Les mesures pour préserver la sécurité énergétique de la Tunisie

Affirmer l’autorité de l’État, restaurer la capacité financière des opérateurs publics du secteur énergétique et sécuriser les importations de gaz tout en dynamisant le mix électrique sont les principales mesures à adopter pour préserver la sécurité énergétique de la Tunisie, selon une récente étude de l’Institut tunisien des études stratégiques (Ites).
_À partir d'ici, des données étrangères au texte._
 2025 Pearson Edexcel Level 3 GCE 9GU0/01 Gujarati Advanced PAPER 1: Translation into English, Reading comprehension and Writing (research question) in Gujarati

Selon cette étude intitulée «Préserver et consolider notre sécurité énergétique», la priorité est de restaurer les capacités de l’État, de ses institutions et des opérateurs du secteur afin d’assurer l’approvisionnement continu du marché national en énergie.
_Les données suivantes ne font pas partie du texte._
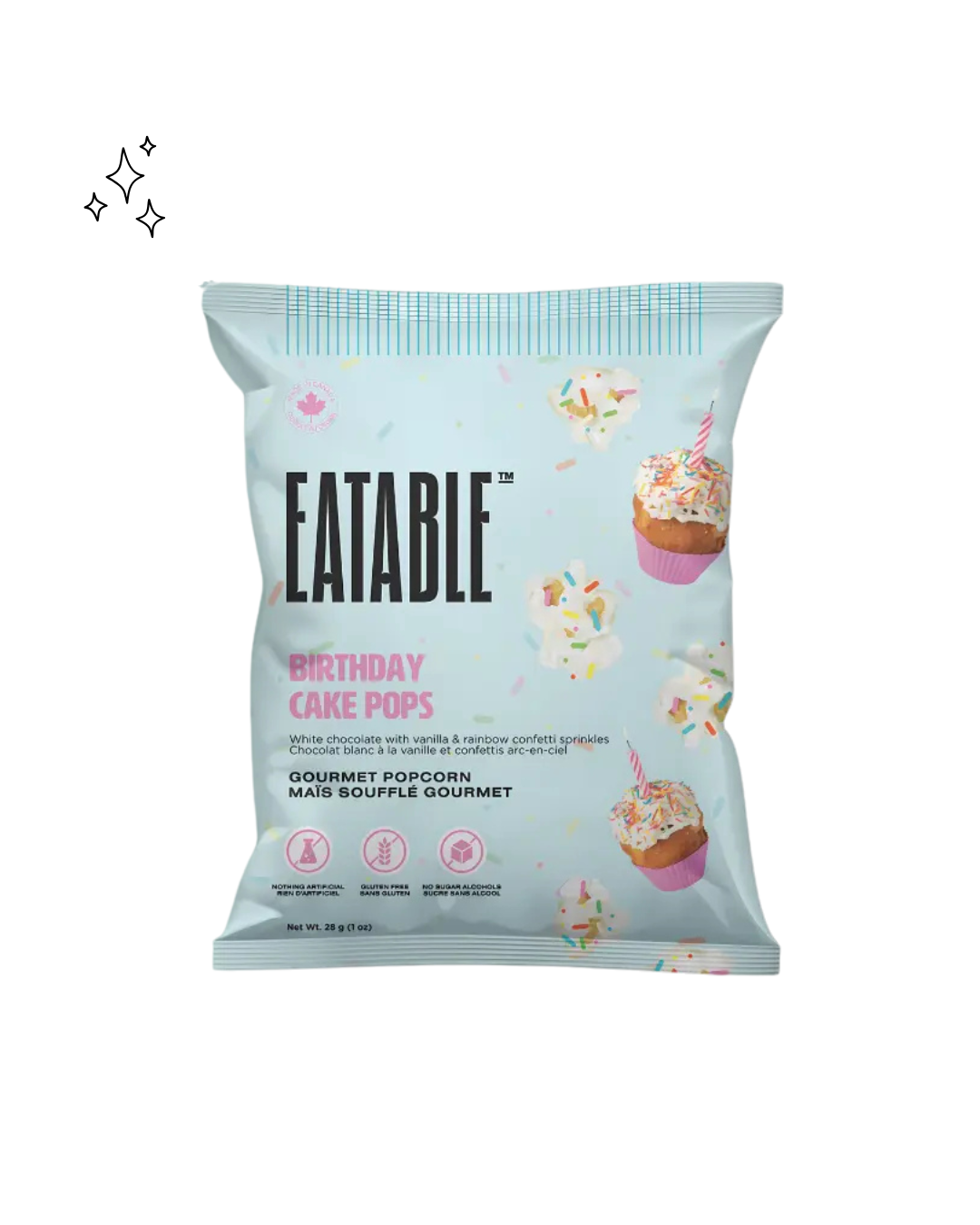 Celebrate every bite with Birthday Cake Pops Gourmet Popcorn Mini Bags from our friends at Eatable Popcorn.

«Le secteur seffondrera si les consommateurs dénergie refusent de payer les services qui leur sont fournis et si les monopoles publics du secteur continuent de vendre leurs produits à des prix inférieurs au coût de leur production et/ou de leur achat sans recevoir, dans les délais, les compensations à prévoir par le Trésor Public», avertit l’étude.
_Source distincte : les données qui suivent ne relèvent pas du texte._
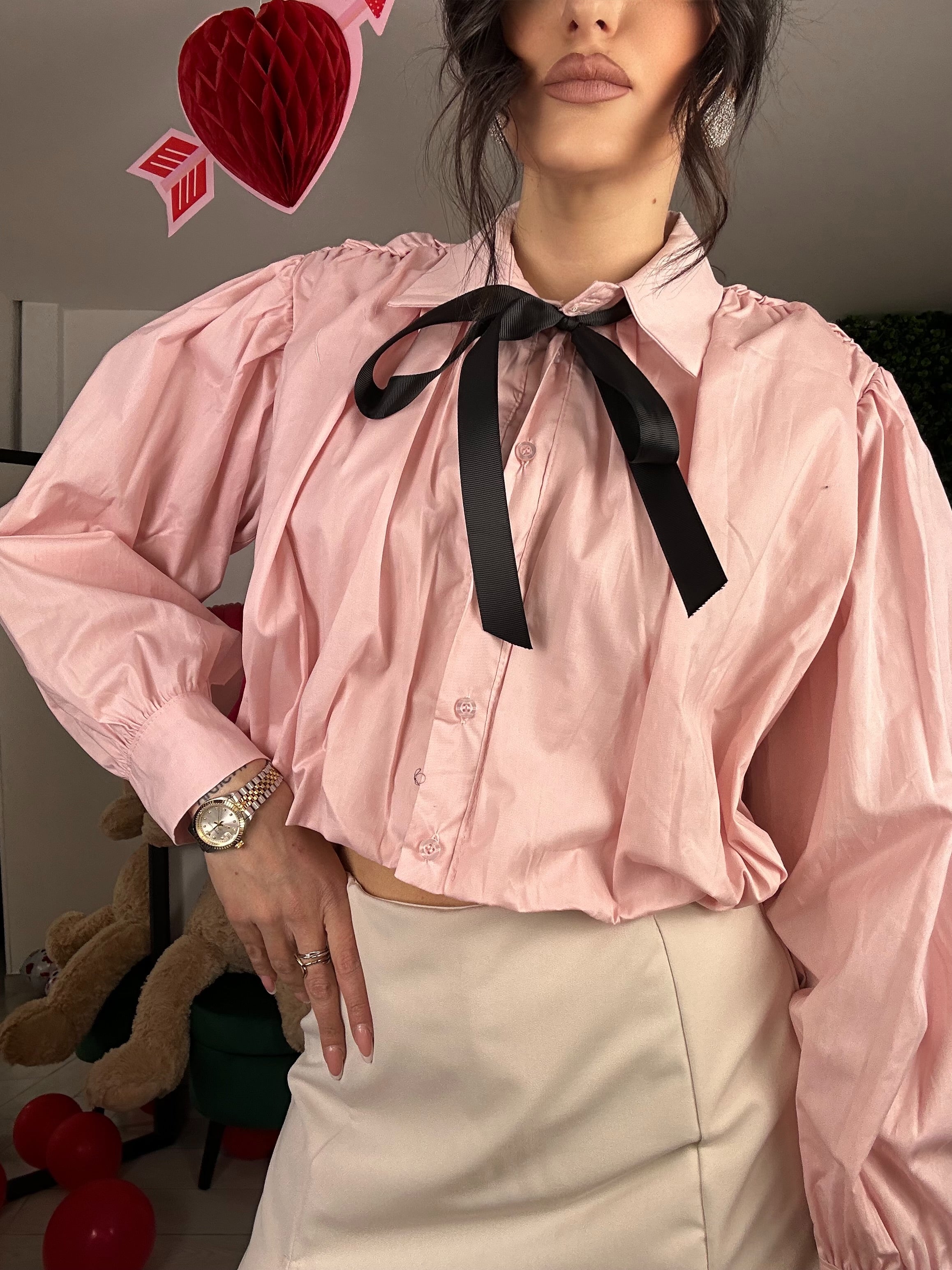 Camicia crop , modello ballons , con fiocchetto removibile , taglia unica Vestibilità consigliata da una xs ad una L

Revoir la politique de subvention

Pour restaurer l’Etat de droit, les mesures proposées consistent à recouvrer les dettes impayées envers les entreprises du secteur (Steg, Stir, Etap, SNDP) par le Trésor et par des clients peu scrupuleux ainsi qu’à mettre fin au vol d’électricité et à la contrebande de carburant.

Il s’agit également d’appliquer la réglementation en vigueur concernant l’obligation de constituer et de maintenir un stock de sécurité de 60 jours de consommation de carburant, ainsi que celles relatives à la protection des infrastructures d’importance vitale et d’adopter un plan spécifique d’intervention d’urgence et de gestion de crise.

Pourtant, la Tunisie n’est plus un pays rentier en matière de pétrole, ces mesures ne pourront pas assainir les comptes de la Steg, de la Stir et de l’Etap, tant que l’énergie, l’électricité, le gaz et les carburants seront commercialisés à des prix bien inférieurs à leur coût.

Pour restaurer la capacité financière des opérateurs publics afin qu’ils puissent assurer la mission qui leur est assignée, les auteurs de l’étude recommandent de revoir la politique de subvention.

«À long terme, une subvention généralisée et substantielle de lénergie nincite ni à la sobriété ni à la performance et ralentit le développement de ressources alternatives. Pour être efficace, la subvention de l’énergie doit être sélective, ciblée et judicieusement gérée dans le temps. L’annulation brutale des subventions aura des coûts sociaux. De même, leur entretien, sans procéder à tous les ajustements nécessaires, entraînera de graves perturbations dans le service public énergétique et, par conséquent, les populations vulnérables seront confrontées à une situation grave», explique l’étude. Elle que «la réforme de la politique des prix de lénergie est une opération délicate qui nécessite une concertation permanente sur plusieurs années entre les différentes parties prenantes. Le choix des produits et le calendrier de réduction de leurs subventions sont déterminés par les autorités politiques et la haute administration. La réduction sélective et ciblée des subventions énergétiques doit être suivie de mesures compensatoires visant à soutenir les catégories sociales les plus vulnérables.»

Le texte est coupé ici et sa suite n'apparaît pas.